> [WHAT IS REQUIRED]: Retype the entries below exactly, and keep every picture out of your version.

· · · · · · ·

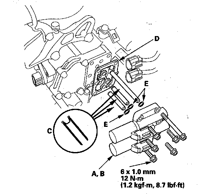 19. Remove A/T clutch pressure control solenoid valves A and B, the ATF pipes (C), the gasket (D), and the O-rings (E).
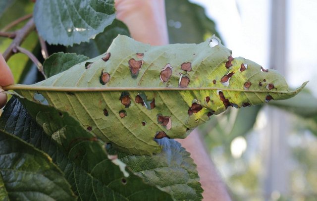 - Punt de forat... Apareixen taques amb un halo al fullatge de la planta, l’interior s’asseca i cau, es formen forats. L’arbre no obté l’aliment que necessita. El tractament es realitza amb barreja de Bordeus o sulfat de coure.
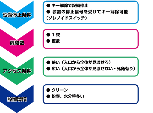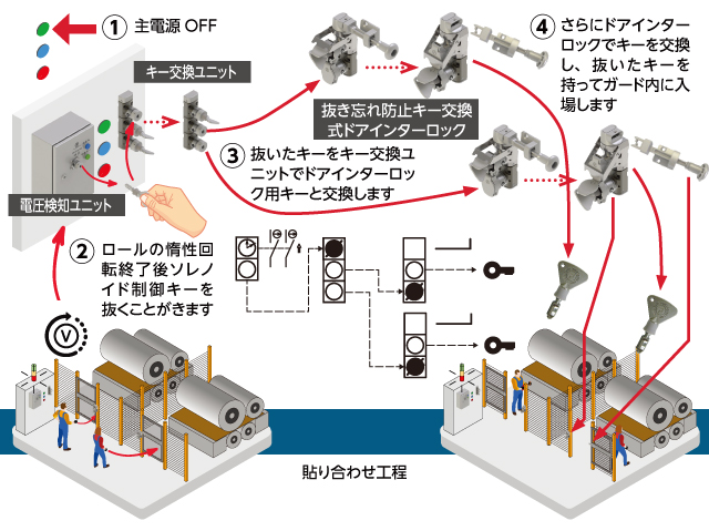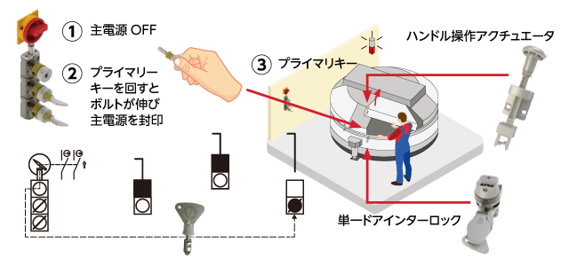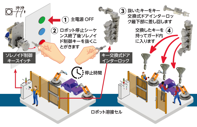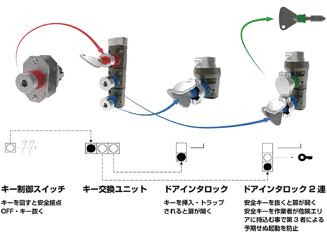 - キーは条件付けされた施錠と開錠により、安全時のみ危険エリアへの侵入を許可。
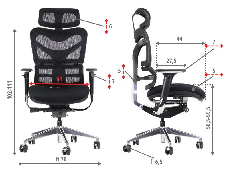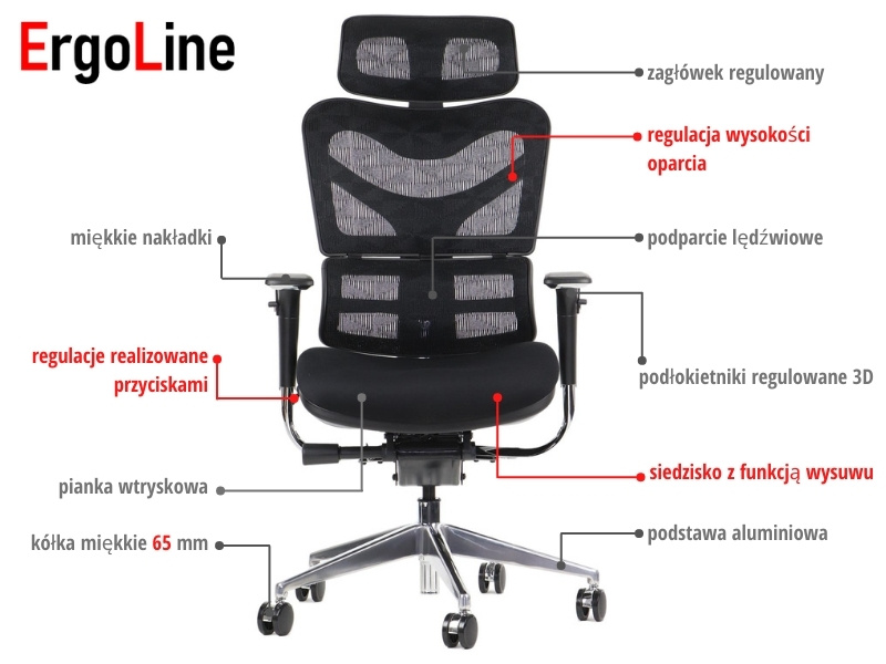 Fotel biurowy obrotowy ErgoNew A1F siedzisko siatkowe z podnóżkiem Fotel biurowy ERGONEW A1F: Ergonomia, komfort, funkcjonalność i styl Fotele biurowe są nieodłącznym elementem wyposażenia każdego miejsca pracy. Wpływają one na nasze samopoczucie, wydajność i zdrowie podczas wielu godzin spędzonych przy biurku. Jeśli szukasz fotela, który zapewni Ci doskonałe wsparcie ergonomiczne, trwałość i estetykę, warto zwrócić uwagę na fotel biurowy obrotowy ERGONEW. Ten nowoczesny model łączy w sobie innowacyjne rozwiązania z wysokiej jakości materiałami, zapewniając niezrównany komfort i wygodę. Główne atuty fotela to: ✅ łatwa i intuicyjna obsługa mechanizmami fotela ✅ regulacja wysokości oparcia z podparciem lędźwiowym ✅ regulacja wysokości, odchyłu realizowana za pomocą przycisków przy siedzisku ✅ regulowany zagłówek 3D ✅ regulowane podłokietniki 3D Ponadto regulacja wysokości, odchyłu i wysuwu siedziska to kluczowe funkcje, które pozwalają dostosować fotel do indywidualnych preferencji użytkownika. W fotelu ERGONEW regulacja ta odbywa się za pomocą przycisków umiejscowionych przy siedzisku, co zapewnia wygodny i intuicyjny sposób dostosowywania pozycji siedzenia. Podsumowując: Fotel biurowy obrotowy ERGONEW to idealne rozwiązanie dla osób, które cenią sobie komfort, ergonomię i wysoką jakość wykonania. Dzięki jego zaawansowanym regulacjom i solidnej konstrukcji, zapewnia on optymalne wsparcie podczas długotrwałego siedzenia przy biurku. Wygodne siedzisko, regulowane podłokietniki, zagłówek i oparcie sprawiają, że praca staje się bardziej komfortowa i efektywna. Fotel ERGONEW to doskonały wybór dla wszystkich, którzy dbają o swoje zdrowie i dobre samopoczucie w miejscu pracy. Dane techniczne fotela biurowego ErgoNew A1F z podnóżkiem Oparcie ✅ wykonane z wytrzymałej siatki, zapewniającej przepływ powietrza, co wpływa na komfort pracy. ✅regulowane na wysokości - regulacja wysokości oparcia umożliwia dostosowanie go do krzywizny kręgosłupa, co pomaga utrzymać prawidłową postawę ciała. Kolor czarny Zagłówek ✅ regulowany zagłówek 3D, który umożliwia dopasowanie wysokości oraz nachylenia zagłówka do indywidualnych potrzeb. Dzięki temu można uzyskać optymalne podparcie dla szyi i głowy, co wpływa na komfort i redukcję napięcia mięśniowego. Podparcie Lędźwiowe Fotel ERGONEW został wyposażony w ✅ wyprofilowanie lędźwiowe z regulacją wysokości, która współpracuje z oparciem. Ta funkcja umożliwia dopasowanie podparcia dla kręgosłupa w okolicach odcinka lędźwiowego, co jest istotne dla zachowania prawidłowej postawy ciała i uniknięcia bólu pleców. Łącznik/rama oparcia Łącznik wykonany jest z aluminium Siedzisko wykonane z tkaniny siatkowej, zapewniającej przepływ powietrza, co wpływa na komfort pracy. Kolor czarny Podnóżek Wysuwany podnóżek Wysuw siedziska Fotel posiada: ✅ funkcję wysuwu siedziska, która umożliwia dostosowanie głębokości siedziska do długości ud. To szczególnie istotne dla osób o różnej wysokości ciała, które chcą uzyskać optymalne podparcie dla ud i zapewnić odpowiednią krążenie krwi. Mechanizm synchroniczny ✅ 4-pozycyjny mechanizm synchro z funkcją "anti-shock" zapewnia płynne przemieszczanie się oparcia bez uderzenia w plecy po zwolnieniu blokady. Możliwość regulacji siły oporu mechanizmu synchro pozwala dostosować fotel do indywidualnych preferencji. Regulacja wysokości i odchyłu odbywa się za pomocą przycisków umiejscowionych przy siedzisku Podłokietniki Regulowane podłokietniki 3D to kolejny atut fotela ERGONEW. ✅ Możliwość regulacji: - góra - dół - przesuw nakładki przód - tył - kąt obrotu nakładki podłokietników pozwala na dostosowanie ich do indywidualnych preferencji i zapewnienie odpowiedniego wsparcia dla ramion i nadgarstków. Miękkie nakładki zapewniają dodatkowy komfort podczas korzystania z fotela przez dłuższy czas. Podnośnik ✅ Podnośnik klasy 4 to gwarancja niezawodności i płynnej regulacji wysokości siedziska. Dzięki tej funkcji można dostosować wysokość siedziska do swojego biurka. Podstawa/kółka Podstawa fotela wykonana z aluminium kółka miękkie fi 60 mm przystosowane do powierzchni twardych Atest Gwarancją jakości fotela jest ✅ ATEST wytrzymałościowy w zakresie bezpieczeństwa użytkowania, zgodność z normami: PN-EN 1335-2:2019-03, PN-EN 1728:2012/AC:2013 PN-EN 1022:2024-04 max obciązenie siedziska - 150 kg Montaż Do samodzielnego montażu , instrukcja dołączona do przesyłki. Gwarancja 24 miesiące Wymiary Wysokość całkowita bez zagłówka 106-115 cm Wysokość położenia siedziska 49 - 58 cm Wysokość oparcia regulowane w zakresie + 5 cm Szerokość siedziska 50 cm Podstawa fi 70 cm UWAGA: Podane wymiary magą różnić się o +/- 1-2 cm. Poniżej przedstawiamy tabele porównawczą foteli biurowych z serii ErgoNew: funkcje/model ErgoNew A1 ErgoNew A1 F ErgoNew S1 ErgoNew S1A ErgoNew S7 ErgoNew S8 Regulacja zagłówka 3D 3D 3D 3D Góra-dół 2D Regulacja podłokietników 3D 3D 3D 3D 3D 3D Regulacja wysokości oparcia tak tak tak tak tak tak Wysuw siedziska tak tak nie tak tak tak Rodzaj podstawy aluminium aluminium nylon aluminium aluminium aluminium Kółka miękkie Tak/60 mm Tak/60 mm Tak/60 mm Tak/65 mm Tak/65 mm Tak/65 mm Łącznik oparcia – wykonanie aluminium aluminium metal metal aluminium aluminium Rama oparcia aluminium aluminium nylon nylon nylon aluminium Korpus podłokietnika metal metal aluminium aluminium Zobacz pozostałe modele z tej serii:
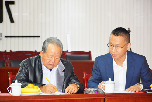 老撾原中央政治局常委、副總理阿桑·勞里(左)、風行防水總經(jīng)理呂學強(右)

· · · · · · ·

> [ANSWER TO THIS TASK]:
 19. Remove A/T clutch pressure control solenoid valves A and B, the ATF pipes (C), the gasket (D), and the O-rings (E).
 - Punt de forat... Apareixen taques amb un halo al fullatge de la planta, l’interior s’asseca i cau, es formen forats. L’arbre no obté l’aliment que necessita. El tractament es realitza amb barreja de Bordeus o sulfat de coure.
 - キーは条件付けされた施錠と開錠により、安全時のみ危険エリアへの侵入を許可。
 Fotel biurowy obrotowy ErgoNew A1F siedzisko siatkowe z podnóżkiem Fotel biurowy ERGONEW A1F: Ergonomia, komfort, funkcjonalność i styl Fotele biurowe są nieodłącznym elementem wyposażenia każdego miejsca pracy. Wpływają one na nasze samopoczucie, wydajność i zdrowie podczas wielu godzin spędzonych przy biurku. Jeśli szukasz fotela, który zapewni Ci doskonałe wsparcie ergonomiczne, trwałość i estetykę, warto zwrócić uwagę na fotel biurowy obrotowy ERGONEW. Ten nowoczesny model łączy w sobie innowacyjne rozwiązania z wysokiej jakości materiałami, zapewniając niezrównany komfort i wygodę. Główne atuty fotela to: ✅ łatwa i intuicyjna obsługa mechanizmami fotela ✅ regulacja wysokości oparcia z podparciem lędźwiowym ✅ regulacja wysokości, odchyłu realizowana za pomocą przycisków przy siedzisku ✅ regulowany zagłówek 3D ✅ regulowane podłokietniki 3D Ponadto regulacja wysokości, odchyłu i wysuwu siedziska to kluczowe funkcje, które pozwalają dostosować fotel do indywidualnych preferencji użytkownika. W fotelu ERGONEW regulacja ta odbywa się za pomocą przycisków umiejscowionych przy siedzisku, co zapewnia wygodny i intuicyjny sposób dostosowywania pozycji siedzenia. Podsumowując: Fotel biurowy obrotowy ERGONEW to idealne rozwiązanie dla osób, które cenią sobie komfort, ergonomię i wysoką jakość wykonania. Dzięki jego zaawansowanym regulacjom i solidnej konstrukcji, zapewnia on optymalne wsparcie podczas długotrwałego siedzenia przy biurku. Wygodne siedzisko, regulowane podłokietniki, zagłówek i oparcie sprawiają, że praca staje się bardziej komfortowa i efektywna. Fotel ERGONEW to doskonały wybór dla wszystkich, którzy dbają o swoje zdrowie i dobre samopoczucie w miejscu pracy. Dane techniczne fotela biurowego ErgoNew A1F z podnóżkiem Oparcie ✅ wykonane z wytrzymałej siatki, zapewniającej przepływ powietrza, co wpływa na komfort pracy. ✅regulowane na wysokości - regulacja wysokości oparcia umożliwia dostosowanie go do krzywizny kręgosłupa, co pomaga utrzymać prawidłową postawę ciała. Kolor czarny Zagłówek ✅ regulowany zagłówek 3D, który umożliwia dopasowanie wysokości oraz nachylenia zagłówka do indywidualnych potrzeb. Dzięki temu można uzyskać optymalne podparcie dla szyi i głowy, co wpływa na komfort i redukcję napięcia mięśniowego. Podparcie Lędźwiowe Fotel ERGONEW został wyposażony w ✅ wyprofilowanie lędźwiowe z regulacją wysokości, która współpracuje z oparciem. Ta funkcja umożliwia dopasowanie podparcia dla kręgosłupa w okolicach odcinka lędźwiowego, co jest istotne dla zachowania prawidłowej postawy ciała i uniknięcia bólu pleców. Łącznik/rama oparcia Łącznik wykonany jest z aluminium Siedzisko wykonane z tkaniny siatkowej, zapewniającej przepływ powietrza, co wpływa na komfort pracy. Kolor czarny Podnóżek Wysuwany podnóżek Wysuw siedziska Fotel posiada: ✅ funkcję wysuwu siedziska, która umożliwia dostosowanie głębokości siedziska do długości ud. To szczególnie istotne dla osób o różnej wysokości ciała, które chcą uzyskać optymalne podparcie dla ud i zapewnić odpowiednią krążenie krwi. Mechanizm synchroniczny ✅ 4-pozycyjny mechanizm synchro z funkcją "anti-shock" zapewnia płynne przemieszczanie się oparcia bez uderzenia w plecy po zwolnieniu blokady. Możliwość regulacji siły oporu mechanizmu synchro pozwala dostosować fotel do indywidualnych preferencji. Regulacja wysokości i odchyłu odbywa się za pomocą przycisków umiejscowionych przy siedzisku Podłokietniki Regulowane podłokietniki 3D to kolejny atut fotela ERGONEW. ✅ Możliwość regulacji: - góra - dół - przesuw nakładki przód - tył - kąt obrotu nakładki podłokietników pozwala na dostosowanie ich do indywidualnych preferencji i zapewnienie odpowiedniego wsparcia dla ramion i nadgarstków. Miękkie nakładki zapewniają dodatkowy komfort podczas korzystania z fotela przez dłuższy czas. Podnośnik ✅ Podnośnik klasy 4 to gwarancja niezawodności i płynnej regulacji wysokości siedziska. Dzięki tej funkcji można dostosować wysokość siedziska do swojego biurka. Podstawa/kółka Podstawa fotela wykonana z aluminium kółka miękkie fi 60 mm przystosowane do powierzchni twardych Atest Gwarancją jakości fotela jest ✅ ATEST wytrzymałościowy w zakresie bezpieczeństwa użytkowania, zgodność z normami: PN-EN 1335-2:2019-03, PN-EN 1728:2012/AC:2013 PN-EN 1022:2024-04 max obciązenie siedziska - 150 kg Montaż Do samodzielnego montażu , instrukcja dołączona do przesyłki. Gwarancja 24 miesiące Wymiary Wysokość całkowita bez zagłówka 106-115 cm Wysokość położenia siedziska 49 - 58 cm Wysokość oparcia regulowane w zakresie + 5 cm Szerokość siedziska 50 cm Podstawa fi 70 cm UWAGA: Podane wymiary magą różnić się o +/- 1-2 cm. Poniżej przedstawiamy tabele porównawczą foteli biurowych z serii ErgoNew: funkcje/model ErgoNew A1 ErgoNew A1 F ErgoNew S1 ErgoNew S1A ErgoNew S7 ErgoNew S8 Regulacja zagłówka 3D 3D 3D 3D Góra-dół 2D Regulacja podłokietników 3D 3D 3D 3D 3D 3D Regulacja wysokości oparcia tak tak tak tak tak tak Wysuw siedziska tak tak nie tak tak tak Rodzaj podstawy aluminium aluminium nylon aluminium aluminium aluminium Kółka miękkie Tak/60 mm Tak/60 mm Tak/60 mm Tak/65 mm Tak/65 mm Tak/65 mm Łącznik oparcia – wykonanie aluminium aluminium metal metal aluminium aluminium Rama oparcia aluminium aluminium nylon nylon nylon aluminium Korpus podłokietnika metal metal aluminium aluminium Zobacz pozostałe modele z tej serii:
 老撾原中央政治局常委、副總理阿桑·勞里(左)、風行防水總經(jīng)理呂學強(右)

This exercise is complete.